**INPUT DATA**
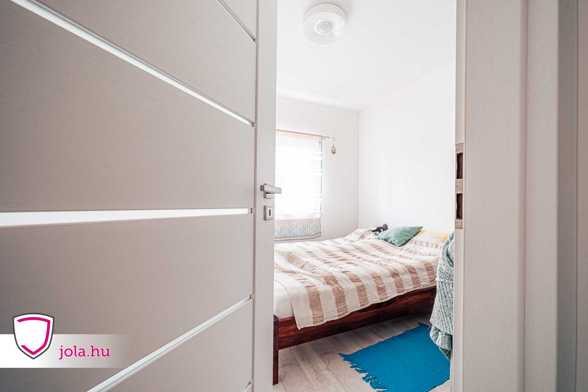 Első körben a beltéri munkákat mutatnánk be: a Dobogókő 1 típusú ajtaját választották, premium fehér kérek színben, a Bussare Pieza kilincsével „díszítve”.
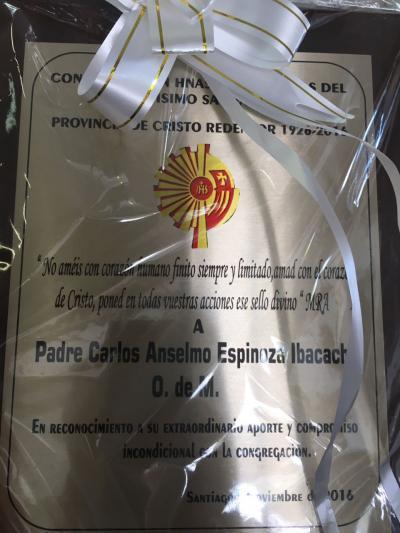 Las Hermanas Mercedarias del Santísimo Sacramento celebraron hace algunos días atrás 90 años de presencia evangelizadora en Chile. En el marco de dicha celebración las hermanas de la Provincia Cristo Redentor (Chile) entregaron un reconocimiento a un religioso mercedario, quien ha sido para ellas un servidor incansable, quien las ha aconsejado e iluminado en su caminar, fray Carlos Anselmo Espinoza O. de M.
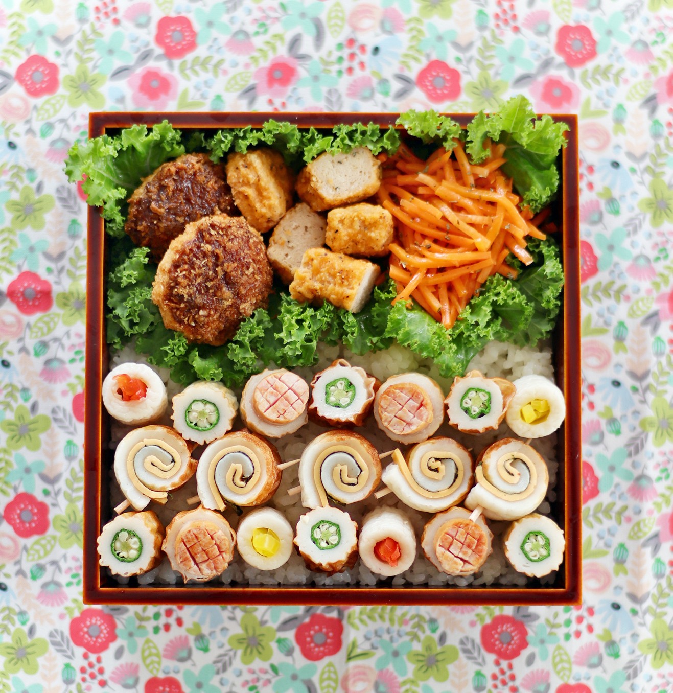 春らしさを満喫するお弁当。ちくわで作るおかずを添えて、キュートに彩ります。

**WHAT THE TASK ASKS**
The answer should hold every line of the listing, copied exactly, with no pictures.

**YOUR RESPONSE**
 Első körben a beltéri munkákat mutatnánk be: a Dobogókő 1 típusú ajtaját választották, premium fehér kérek színben, a Bussare Pieza kilincsével „díszítve”.
 Las Hermanas Mercedarias del Santísimo Sacramento celebraron hace algunos días atrás 90 años de presencia evangelizadora en Chile. En el marco de dicha celebración las hermanas de la Provincia Cristo Redentor (Chile) entregaron un reconocimiento a un religioso mercedario, quien ha sido para ellas un servidor incansable, quien las ha aconsejado e iluminado en su caminar, fray Carlos Anselmo Espinoza O. de M.
 春らしさを満喫するお弁当。ちくわで作るおかずを添えて、キュートに彩ります。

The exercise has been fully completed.